Но, к счастью, случилось. Правда, после десятого гудка.
— Слушаю, доктор Каплан, — запыхавшись сообщила трубка.
— Вениамин Израилевич, это Кирилл. Вы не могли бы прийти ко мне? — Каждое слово молотом било изнутри в череп, вызывая мучительный резонанс.
— Что‑то случилось? — удивительная прозорливость, учитывая, что пациент едва шепчет.
— Да. Быстрее.
И, не дожидаясь расспросов, Кирилл нажал кнопку отбоя. В том числе и в сознании.
Боль выключила его, но она же и включила. Только это была совсем другая, поверхностная боль, не разрывающая голову изнутри.
Судя по ощущениям, доктор занимался художественной штопкой головы.

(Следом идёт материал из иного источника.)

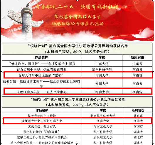 第六届全国高校大学生讲思政课公开课展示活动自2022年5月启动,历时10个月。活动中,马克思主义学院积极参与指导组织工作,组建指导教师团队,严格把关选题、多次组织磨课,指导每个团队挖掘出各自的特色和亮点。历经作品创作、校级选拔、打磨推选和国家评审四个阶段。马克思主义学院团队作品《百年大党与中国之治的“密码”》《人民江山万年长——以人民为中心》获得全国三等奖,《读懂河大校史,扬帆出彩人生》获全国优秀奖,三个获奖团队分别由马克思主义学院2019级本科生李文艳和2020级本科生温柳婷、包羽鸣担任负责人,学院副教授张枫林、郭强、沈贺分别担任指导教师。
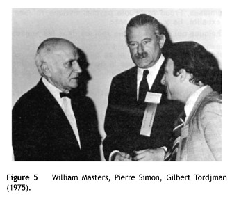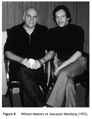 Waynberg quitte le directoire de la SFSC en 1976, et fonde l’institut de sexologie (www.sexologie-fr.com) le 21 mai 1977. Il a effectué une vingtaine de séjours aux États-Unis dont deux stages de longue durée, l’un auprès de Paul Gebhard, successeur de Kinsey à l’université de Bloomington, l’autre auprès de William Masters, dont il fut le premier élève français (Fig. 8). À l’époque, l’institut représente le second « courtier » de la sexologie française et participe, à l’instar de la SFSC, au déploiement à l’étranger de ses acquis dans trois secteurs de compétence : l’apprentissage de la médiation audiovisuelle en thérapie, la prise en charge des personnes handicapées (1981) et les recherches ethnopharmacologiques (lauréat de la Fondation de France en 1988). Un fond documentaire considérable s’inspire du modèle de l’institut Kinsey ; il sert d’appui à un cycle de deux années de formation continue auquel nombre de meneurs de la nouvelle vague doivent leur initiation à la sexologie. Cet enseignement pluridisciplinaire, ouvert à parité aux médecins et non-médecins, sera accueilli par l’université Paris-VII en 1999 sous forme d’un diplôme d’université (DU) de troisième cycle : « Sexologie et santé publique ».
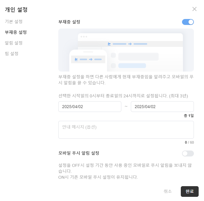 *모바일 푸시 알림 설정을 꺼놓으시면 부재 중 기간 동안 모바일로 잔디 푸시 알림을 받지 않게 됩니다. 해당 설정을 켜놓으시면 기존 푸시 설정이 유지됩니다.
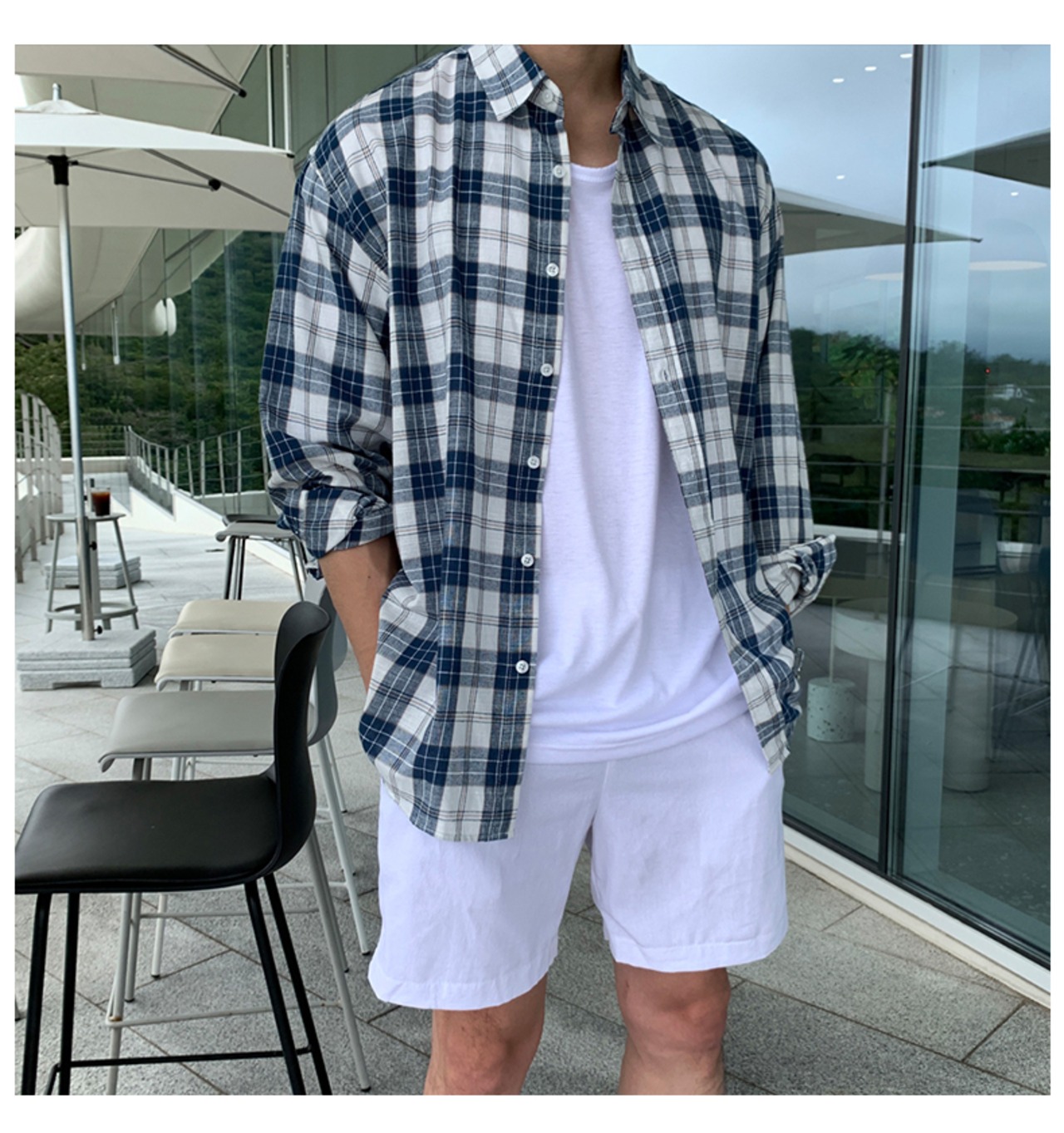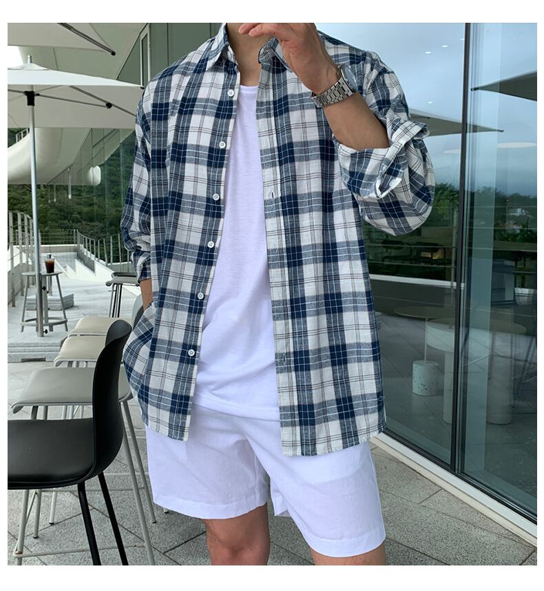 シャツ メンズ デザイン センス ニッチ ハイエンド センス シャツ チェック ジャケット メンズ ese and style スタイルウェア 長袖 ロング BLUU31128749891

Кирилл застонал и открыл глаза.
— Тише, голубчик, тише, — доктора видно не было, его дребезжащий голос звучал где‑то над головой. — Потерпи, у тебя глубокая рана, да еще и с осколками стекла внутри. Кто это тебя так?
— Маша, жена брата, — жалобно сообщил голубчик. — Бутылкой. Больно очень и тошнит.
— Немудрено, у тебя сотрясение мозга. За что же жена брата тебя чуть не убила? Не дергайся, осталось всего два шва.
— Я постараюсь, — нам, умственно отсталым, можно не изображать из себя партизана на допросе в гестапо и колоться с энтузиазмом перезрелого кокоса. — Маша вчера вечером пришла в мой дом без разрешения, разделась и захотела, чтобы я ее трахнул. А я отказался, это неправильно, ведь она жена Арика! Но Маша все равно лезла, тогда я ее оттолкнул, сильно. Она упала, больно ударилась, начала нехорошо ругаться, а потом ударила меня бутылкой с вином, которую принесла с собой. Я потерял сознание, утром пришел в себя и позвонил вам.
— А Мария?
— А ее утром уже не было. Ушла, а когда — не знаю. Вениамин Израилевич, зачем она это сделала? Я не хочу больше ее видеть.
— Не волнуйся, не увидишь. Я прослежу.
— А где я сейчас, это не мой дом. Это больше похоже на палату, где я лежал раньше.
— Это не палата, а перевязочная, тебя сюда перенесли из коттеджа. Но в палату на несколько дней вернуться придется, надо подлечить твою голову.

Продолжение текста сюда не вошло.